We have a Thanksgiving tradition in our family.
Each person at the table for Thanksgiving dinner must name three things they are thankful for before we eat.
It’s a way to reflect on the meaning of the holiday, which is more than a contest to see how much turkey and stuffing and mashed potatoes and gravy and cranberry sauce and turnip and squash and pecan pie we can eat, or how little we can do the remainder of the day, besides sit around and hold our stomachs.
We spend a lot of time complaining about and dwelling on the negative things that happen to us, whether in our personal lives or in the world beyond.
Sometimes it seems like we’re in a competition to see who can spin the most depressing tale of misery and woe.
We should all spend less time complaining and more time being grateful for all we have.
Here at The Lincoln County New, we are grateful for the freedom of the press.
We are grateful for our readers and advertisers, who make our existence possible.
As editor, I am grateful for a hardworking staff, both of reporters and many behind the scenes, who sometimes have to do the work of three people when one co-worker goes on vacation and another falls ill, and who do so without complaint.
I’m grateful to work for a family who supports objective, professional journalism in a small community.
As an individual, I have much to be thankful for as well.
I am thankful for our home in Bristol, next door to my hometown and near a large and loving family.
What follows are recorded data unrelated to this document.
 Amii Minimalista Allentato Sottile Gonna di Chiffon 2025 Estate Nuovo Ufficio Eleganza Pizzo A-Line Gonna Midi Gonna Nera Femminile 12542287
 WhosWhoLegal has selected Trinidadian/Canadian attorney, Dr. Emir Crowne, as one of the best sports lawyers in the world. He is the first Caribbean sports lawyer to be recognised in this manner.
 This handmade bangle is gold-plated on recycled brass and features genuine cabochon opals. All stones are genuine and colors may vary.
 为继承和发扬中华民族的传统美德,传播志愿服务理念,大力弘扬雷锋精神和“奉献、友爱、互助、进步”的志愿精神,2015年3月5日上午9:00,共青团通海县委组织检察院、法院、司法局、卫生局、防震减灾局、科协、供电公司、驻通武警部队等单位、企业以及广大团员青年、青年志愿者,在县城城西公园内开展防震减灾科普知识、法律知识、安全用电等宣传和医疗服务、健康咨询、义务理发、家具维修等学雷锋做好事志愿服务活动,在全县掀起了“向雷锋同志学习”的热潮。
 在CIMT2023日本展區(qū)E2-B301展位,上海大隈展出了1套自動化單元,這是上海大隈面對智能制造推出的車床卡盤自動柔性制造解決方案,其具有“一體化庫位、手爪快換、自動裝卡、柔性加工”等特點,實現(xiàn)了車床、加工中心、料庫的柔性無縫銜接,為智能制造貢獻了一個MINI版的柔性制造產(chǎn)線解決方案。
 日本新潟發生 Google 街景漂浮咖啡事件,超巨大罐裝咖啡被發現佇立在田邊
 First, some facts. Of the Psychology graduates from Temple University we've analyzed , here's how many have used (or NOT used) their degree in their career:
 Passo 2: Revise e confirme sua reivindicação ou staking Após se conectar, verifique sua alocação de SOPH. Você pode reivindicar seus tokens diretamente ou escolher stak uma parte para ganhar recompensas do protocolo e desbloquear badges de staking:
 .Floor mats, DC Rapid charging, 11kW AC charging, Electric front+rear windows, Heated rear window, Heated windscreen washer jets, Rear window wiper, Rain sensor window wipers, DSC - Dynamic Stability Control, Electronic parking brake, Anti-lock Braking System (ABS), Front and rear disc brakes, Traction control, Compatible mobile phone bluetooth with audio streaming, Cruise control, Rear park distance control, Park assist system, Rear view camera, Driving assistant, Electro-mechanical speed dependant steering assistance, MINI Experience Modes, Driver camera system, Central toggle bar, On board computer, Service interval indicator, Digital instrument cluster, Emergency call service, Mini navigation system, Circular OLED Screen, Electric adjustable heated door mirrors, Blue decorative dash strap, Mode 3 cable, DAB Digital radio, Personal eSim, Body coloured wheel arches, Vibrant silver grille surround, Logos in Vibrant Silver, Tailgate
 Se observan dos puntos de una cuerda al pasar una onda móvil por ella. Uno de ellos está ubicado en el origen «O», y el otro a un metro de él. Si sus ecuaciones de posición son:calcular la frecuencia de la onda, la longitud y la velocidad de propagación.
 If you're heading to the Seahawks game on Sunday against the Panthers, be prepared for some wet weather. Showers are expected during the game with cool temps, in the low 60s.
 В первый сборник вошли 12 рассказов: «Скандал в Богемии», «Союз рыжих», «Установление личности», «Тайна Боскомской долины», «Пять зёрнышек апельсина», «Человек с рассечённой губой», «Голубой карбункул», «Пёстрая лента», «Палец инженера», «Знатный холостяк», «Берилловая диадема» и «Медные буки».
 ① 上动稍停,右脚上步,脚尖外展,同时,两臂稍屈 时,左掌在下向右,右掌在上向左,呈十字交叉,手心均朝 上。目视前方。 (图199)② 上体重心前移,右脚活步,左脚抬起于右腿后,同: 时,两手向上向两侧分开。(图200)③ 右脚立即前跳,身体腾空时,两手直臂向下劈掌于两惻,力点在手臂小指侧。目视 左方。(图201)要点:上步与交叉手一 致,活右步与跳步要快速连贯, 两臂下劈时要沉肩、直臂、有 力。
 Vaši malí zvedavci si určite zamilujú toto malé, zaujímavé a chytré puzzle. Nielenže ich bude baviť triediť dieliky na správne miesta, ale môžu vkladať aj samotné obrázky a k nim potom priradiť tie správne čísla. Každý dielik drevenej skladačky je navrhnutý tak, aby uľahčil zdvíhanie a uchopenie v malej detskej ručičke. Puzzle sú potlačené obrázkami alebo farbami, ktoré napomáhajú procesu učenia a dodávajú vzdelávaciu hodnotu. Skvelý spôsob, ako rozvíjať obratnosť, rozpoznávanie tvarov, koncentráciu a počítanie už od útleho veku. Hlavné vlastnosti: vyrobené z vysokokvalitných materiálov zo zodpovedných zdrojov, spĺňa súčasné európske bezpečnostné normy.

I am thankful for my wife and son and for our happiness and health.
It’s not as if we have no troubles, either at the LCN or at home.
At the LCN, we continue to grapple with changes in the industry, and at home we deal with the same challenges as any family – squabbles between relatives, losses in the family.
But all the joys of life make these things seem insignificant.
From some of the doom-and-gloom letters we receive each week, you might think we were living in a post-apocalyptic wasteland, where the fortunate subsist on canned beans in underground shelters and the unfortunate wander the empty streets in rags, waiting for radiation sickness or starvation to take them away.
It is a wonder how people can perceive the world so differently.
For one week, we would love to fill this page with letters that celebrate all we have to be thankful for. What are you thankful for? Tell us in a letter to the editor to info@lcnme.com and we will publish the responses next week.
Happy Thanksgiving!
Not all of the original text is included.